It must not be forgotten, however, that this line is not only vague by nature but also follows a different course in peace than in wartime, when so many values are changed and when men of all nations, especially in our days, take pride in deeds which would horrify them at any other time. And the decision to wage war does not in itself overstep that line, in spite of its tremendous consequences—not with any nation in the world.

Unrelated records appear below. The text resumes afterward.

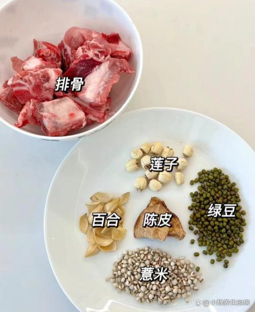 4月已经过完了,5月就悄悄来临了,五月第一周就是小长假,很多人都放假了,终于不用吃外卖了,可以在家研究菜谱,晚餐给家里人制作丰盛的菜肴。现在还处于春末阶段,天气还是非常舒服,一场雨水之后,气温就要回升了,炎热的天气让人心情焦虑,食欲会非常差,总是觉得全身没有劲。今天晚上准备用莲子,薏米,绿豆和排骨制作一款汤品——绿豆莲子陈皮排骨汤,汤品喝起来特别鲜美,补足营养,清热解暑,夏天一定别忘记喝它。你们是否喝过这款绿豆莲子陈皮排骨汤呢?不如跟着小编看一看吧。夏至前后,有钱没钱,别忘记喝这汤,清热泻火,舒服度过夏天。  【绿豆莲子陈皮排骨汤的制作技巧】 食材清单:选购一斤新鲜猪排骨(排骨是猪骨最优质的部位,肉质一定要非常鲜嫩,摸起来有弹性,闻起来无异味,排骨需要提前焯水去腥,这样炖出来的汤才好喝),选购优质绿豆50克,面粉几勺,少许清水,料酒少许,干莲子30克左右,干百合15克左右,薏米35克左右,陈皮一大块,冷水和温水少许,食盐和胡椒粉少许,生姜和香葱少许,其他。 详细制作过程: 步骤1:提前选购好绿豆,百合,干莲子和排骨等食材,先把香葱或大葱洗净,切成若干小段,生姜去皮切除片状,备用。步骤2:将排骨提前剁成块,排骨都剁成小块,排骨先用清水冲洗干净,放入到大一些的盆中。步骤3:盆中加上几勺面粉,用手反复揉搓,加上少许料酒和清水,面粉能够吸附油腻物质和脏东西,用清水冲洗干净即可。 步骤4:干莲子用冷水泡发十分钟,绿豆提前洗净,然后泡发30分钟,冷藏一晚上,这样绿豆很容易煮开花。 步骤5:百合和陈皮用温水泡发,洗净备用,薏米提前洗净,然后泡发几个小时,或者直接用热锅煎一会儿,备用。 步骤6:提前准备好汤锅,倒入洗净的排骨,沿着锅边淋入料酒,放入一些葱段和姜片,把排骨焯烫出来,逼出血腥物质即可。 www.ws46.com 步骤7:锅中放入焯水好的排骨,放入绿豆,陈皮,百合,莲子和排骨,一次性要多加一下水,这样汤品会更加浓郁。 步骤8:一定要掌握煲汤的火候,小火慢炖70分钟,出锅之前调入食盐和胡椒粉即可,焖煮一会儿几就可以了这款绿豆莲子陈皮排骨汤就可以食用了,喝起来舒服,清热泻火,好处多多。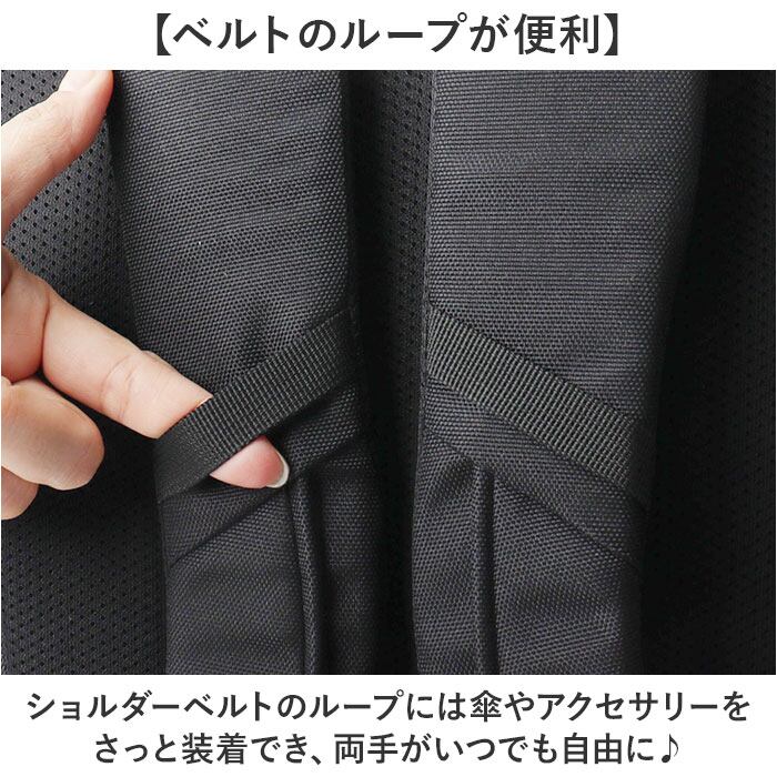 ・ショルダーベルトのループには傘やアクセサリーをさっと装着でき、両手がいつでも自由に♪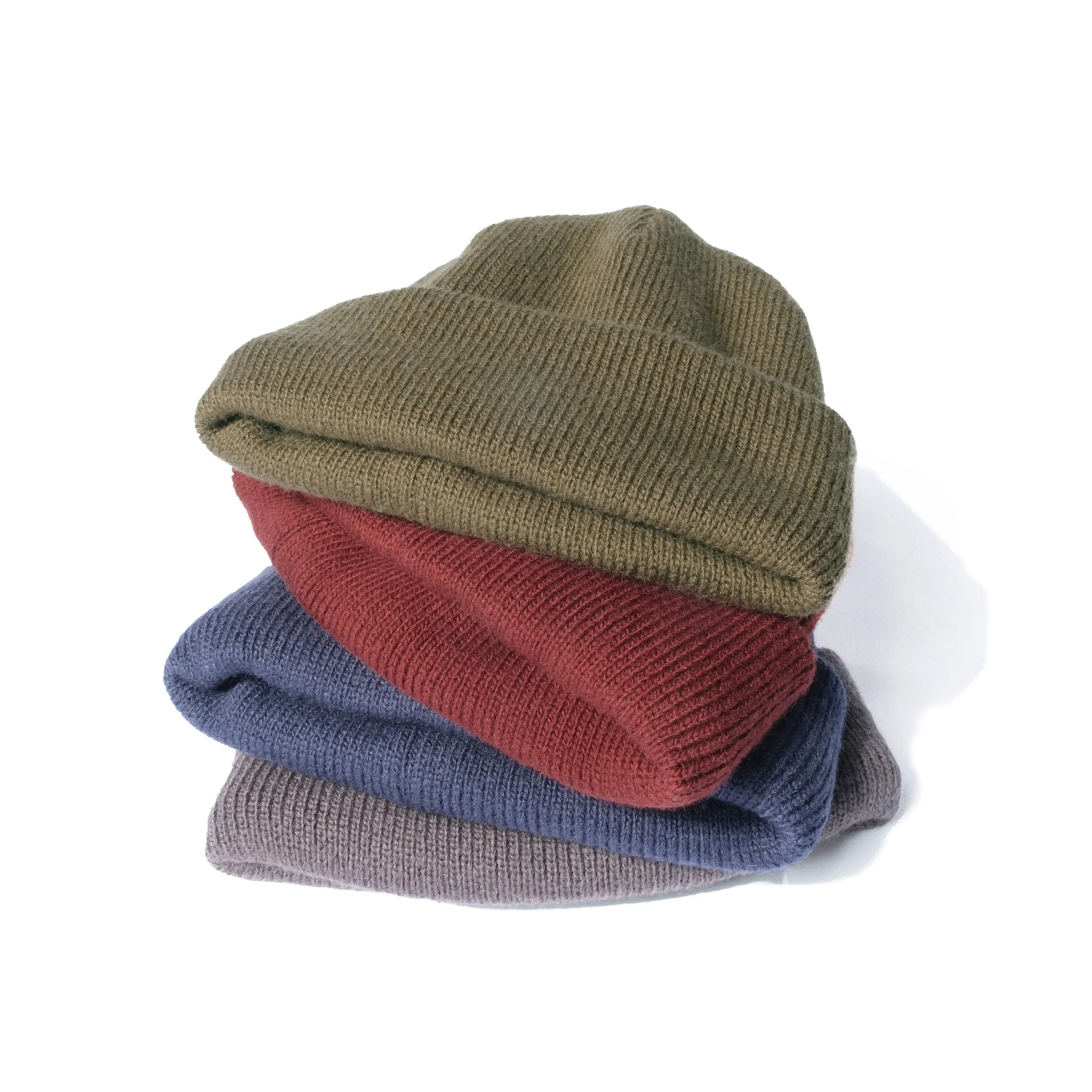 The WATCH CAP is THE COLOR's most classic item. Made with 80% acrylic, 15% nylon, and 5% wool yarn, it is more acrylic than usual and is less likely to lose its shape. The yarn used is a bit firmer than usual. The colors are subdued burgundy, gray, olive, and navy. The WATCH CAP can be worn in a variety of ways, so it can be worn depending on the scene or person, making it a versatile item that can be worn to suit any occasion.

Hitler himself, at any rate, did not recognize this boundary line of inhumanity, of nonhumanity, as a limit to obedience in his relations with his subordinates; and here again opposition would have been considered a crime worthy of death in the eyes and judgment of this man, invested as he was with limitless power and controlling an irresistible machine. What should a man who received an order exceeding the line have done? What a terrible situation! The reply given in Greek tragedy, the reply by Antigone in such a conflict cannot be imposed. It would show scant knowledge of the world to expect it, let alone demand it, as a mass phenomenon.

Before we come to the specific question of who in the Reich possessed the power of deciding on war and peace, one more word remains to be said about the forms which Hitler’s orders assumed.

Hitler’s orders are solely the decisions of this one man, whether they were given orally or in writing and, in the latter case, whether they were clothed in more or less ceremony. There are some orders by Hitler which can be recognized as such immediately. They are called “Erlass” (decree), such as the decree concerning the institution of the Protectorate of Bohemia and Moravia of 16 March 1939; or “Verordnung” (order), like the order for the execution of the Four Year Plan of 19 October 1936; or “Weisung” (directive), like the strategic decisions so often cited during this Trial; or simply “Beschluss” (decision) or “Anordnung” (instructions). Often they are signed in Hitler’s name only; sometimes we find the signatures of one or more of the highest civil or military functionaries as well. But it would be fundamentally wrong to assume that this was a case of countersignature as understood in the modern democratic constitutional law of nations ruled constitutionally or by a parliament—of a countersignature which makes the signatory responsible to a parliament or to a state court of law. Hitler’s orders were his own orders and only his own orders. He was much too fanatical a champion of the one-man doctrine, that is, of the principle that every decision must be made by one and only one man even to consider anything else, especially in the case of his own decisions. We will leave his high opinion of himself entirely aside in this connection. Whatever the more or less decorative significance of such countersigning may have been, there was never any doubt that the Führer’s orders represented nothing but his own decision.

Special attention must be drawn to those laws which appeared as Reich Cabinet Laws or Reichstag Laws. Hitler’s signing of a law of the Reich Cabinet represented the formal certification of a Cabinet decision. In actual fact, however, a stage was reached where the Reich Cabinet Laws were also merely decisions by Hitler, who had previously given some of his ministers the opportunity to state the opinion of their departments. And when Hitler signed a law which, according to its preamble, had been decreed by the Reichstag, this was again only a case of a formal certification. In reality, however, it was a decision by Hitler. From November 1933 onward, at the latest, the German Reichstag was no longer a parliament but merely an assembly for the acclamation of Hitler’s declarations or decisions. These scenes of legislation appeared to many people at home and abroad to amount almost to an attempt to make democratic forms of legislation ridiculous by caricaturing them; nobody, either at home or abroad, regarded them as proceedings during which an assembly of several hundred men arrived at a decision after consideration, speeches, and counterspeeches.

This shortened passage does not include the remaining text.